For this task, copy all of the data below exactly and skip the pictures.

++++ Records for processing

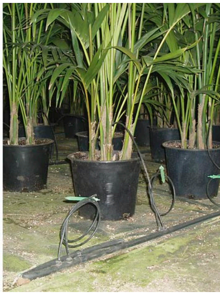
Drip tape, left, and microirrigation stakes, right, are low-volume irrigation methods. In Southern California, 51% of surveyed production areas employed a low-volume irrigation method. When properly scheduled, such methods are effective in preventing runoff.
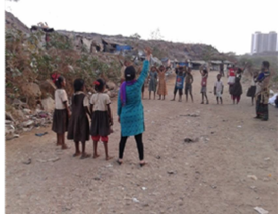
Activities with children living on the streets

YUVA Urban has also been working with street children and facilitating their groups. During the year, the organisation has facilitated the formation of 15 groups of street children in the areas of Kurla, Mahim, Ray Road station, Dadar station, Mulund, Goregaon, Borivali, Kandivali and Wadala. A total of 171 children have participated in 15 meetings organised through these groups. The children have been given information on CHILDLINE and Nai Subah and also about their basic rights and entitlements. Games were organised with them to inculcate values. Cricket kits have been distributed to some of the children's groups. Various activities such as sports, drawing and story telling sessions, paper activities, movie screening, etc. are undertaken for the children and through these, different values like honesty, loyalty, relationship, togetherness and unity are inculcated amongst the children.
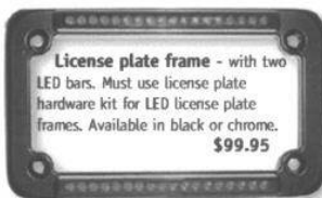
License plate frame - with two LED bars. Must use license plate hardware kit for LED license plate frames. Available in black or chrome. $99.95

The A&S BMW website. Over 6500 BMW motorcycle accessories, riders wear and lifestyle products on-line...all the time.
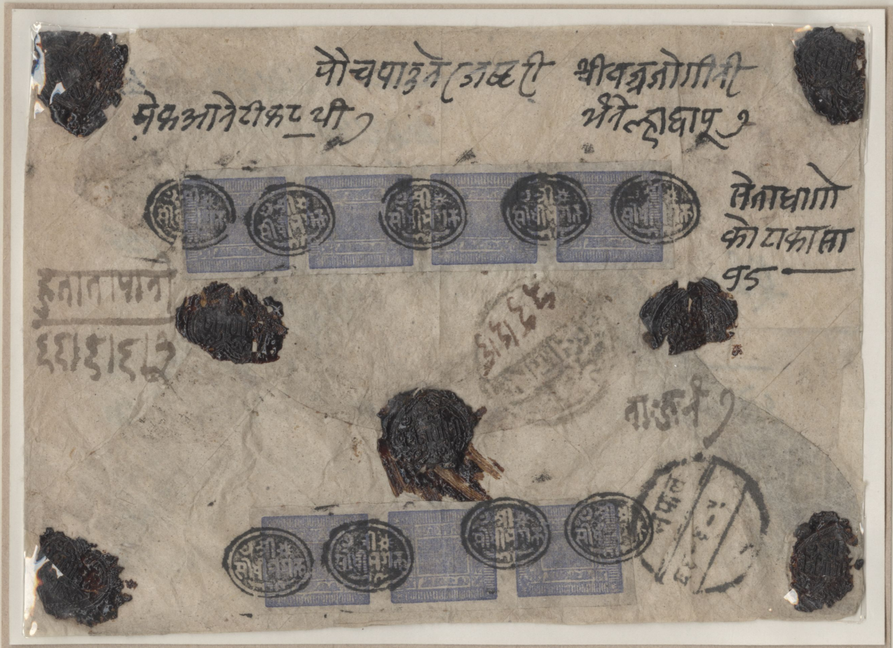
COVER WITH STRIP OF 4 AND STRIP OF 3 OF GRAY-BLUE STAMPS, ISSUE OF 1901-1907, 1 ANNA DENOMINATION.

CARRIED BY RUNNER FROM KUTI, TIBET TO TATAPANI, NEPAL WHERE IT WAS PROCESSED INTO THE NEPALESE POSTAL SYSTEM. SENT FROM NEPALESE JURISDICTIONAL COURT TO PRIME MINISTER, CHANDRA SHUMSHER JUNG.

++++++++

■ Task solution:
Drip tape, left, and microirrigation stakes, right, are low-volume irrigation methods. In Southern California, 51% of surveyed production areas employed a low-volume irrigation method. When properly scheduled, such methods are effective in preventing runoff.
Activities with children living on the streets

YUVA Urban has also been working with street children and facilitating their groups. During the year, the organisation has facilitated the formation of 15 groups of street children in the areas of Kurla, Mahim, Ray Road station, Dadar station, Mulund, Goregaon, Borivali, Kandivali and Wadala. A total of 171 children have participated in 15 meetings organised through these groups. The children have been given information on CHILDLINE and Nai Subah and also about their basic rights and entitlements. Games were organised with them to inculcate values. Cricket kits have been distributed to some of the children's groups. Various activities such as sports, drawing and story telling sessions, paper activities, movie screening, etc. are undertaken for the children and through these, different values like honesty, loyalty, relationship, togetherness and unity are inculcated amongst the children.
License plate frame - with two LED bars. Must use license plate hardware kit for LED license plate frames. Available in black or chrome. $99.95

The A&S BMW website. Over 6500 BMW motorcycle accessories, riders wear and lifestyle products on-line...all the time.
COVER WITH STRIP OF 4 AND STRIP OF 3 OF GRAY-BLUE STAMPS, ISSUE OF 1901-1907, 1 ANNA DENOMINATION.

CARRIED BY RUNNER FROM KUTI, TIBET TO TATAPANI, NEPAL WHERE IT WAS PROCESSED INTO THE NEPALESE POSTAL SYSTEM. SENT FROM NEPALESE JURISDICTIONAL COURT TO PRIME MINISTER, CHANDRA SHUMSHER JUNG.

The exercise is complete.